Collegata anche graficamente ad un’altra intervista recente a Repubblica, quella dell’ex presidente della Consulta Giuliano Amato sul “rischio” autoritario che l’Italia governata da Giorgia Meloni correrebbe seguendo o inseguendo “Polonia e Ungheria”, la risposta di Barbera è stata laconica: “Non condivido l’accostamento. Questo risultato non sarebbe possibile in Italia. Non lo consentirebbero le nostre norme costituzionali ed ordinarie”.

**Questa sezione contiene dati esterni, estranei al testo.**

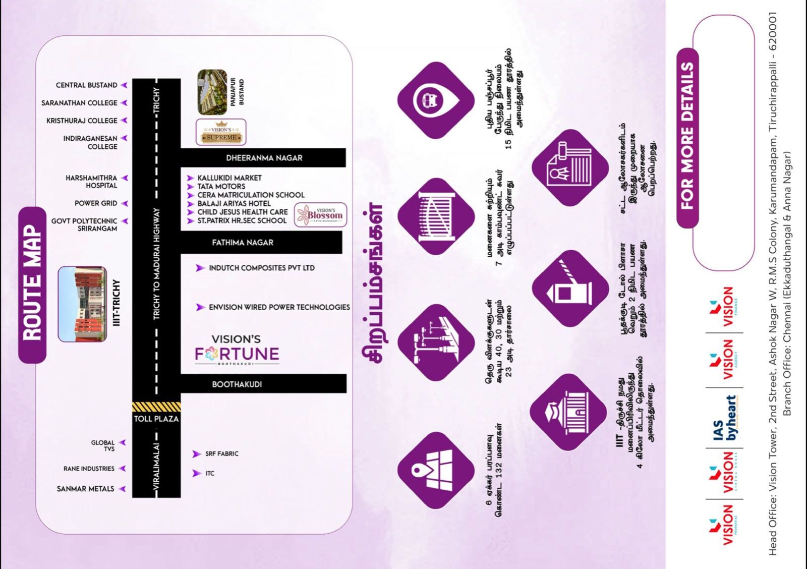 Visions Fortune is a residential plotting project by the Vision properties, strategically located at Viralimalai, Tiruchirappalli, Tamil Nadu.

SU ELEZIONE DEI GIUDICI E PREMIERATO, REPUBBLICA RIMANE A BOCCA ASCIUTTA
La circostanza rivendicata dalla premier, in polemica con Amato, che le Camere a maggioranza di centrodestra potranno rinnovare quest’anno quattro dei cinque giudici costituzionali di elezione parlamentare? “Ma questa – ha spiegato Barbera – non è una novità. Nessuna maggioranza ce l’ha fatta da sola perché saggiamente le leggi in vigore prevedono che per eleggere un giudice, o una giudice, è necessaria almeno la maggioranza dei tre quinti, cioè 363 voti, mentre l’attuale maggioranza non supera i 350 circa”. E il progetto governativo dell’elezione diretta del premier? Ma già siano arrivati – ha ricordato Barbera – “all’introduzione nella scheda elettorale del nome del candidato alla presidenza del Consiglio. Una sorta di legittimazione elettorale, se non proprio la più audace elezione diretta”.

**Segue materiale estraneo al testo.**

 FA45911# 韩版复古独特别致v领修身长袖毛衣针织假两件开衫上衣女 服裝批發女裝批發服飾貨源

E il pericolo che la politica prevarichi sulla Corte Costituzionale? “Ma è vero anche l’inverso”, ha risposto Barbera ricordando che “le Corti”, al plurale, quindi anche quelle della magistratura ordinaria, “non devono soverchiare il potere politico”. E una tosta di destra alla guida del governo non deve far paura? “L’elezione di Nilde Iotti alla presidenza della Camera – ha risposto Barbera vantandosi di avervi contribuito – rappresentò la fine, o meglio l’inizio della fine, della conventio ad excludendum nei confronti dei comunisti e oggi non posso che essere favorevole al superamento di analoga convention a destra”.
E le braccia alzate in via Acca Lametia e altrove? Barbera ha raccontate di vederne ogni tanto anche agli stadi, senza cadere – credo – nel panico. E la Costituzione più bella del mondo, che non vale la pena toccare? “Per le virtualità multiple – ha risposto il presidente della Corte – la Costituzione italiana è fra le migliori al mondo”, ma “non sempre” riesce a garantire davvero la libertà e l’uguaglianza garantite dall’articolo 3.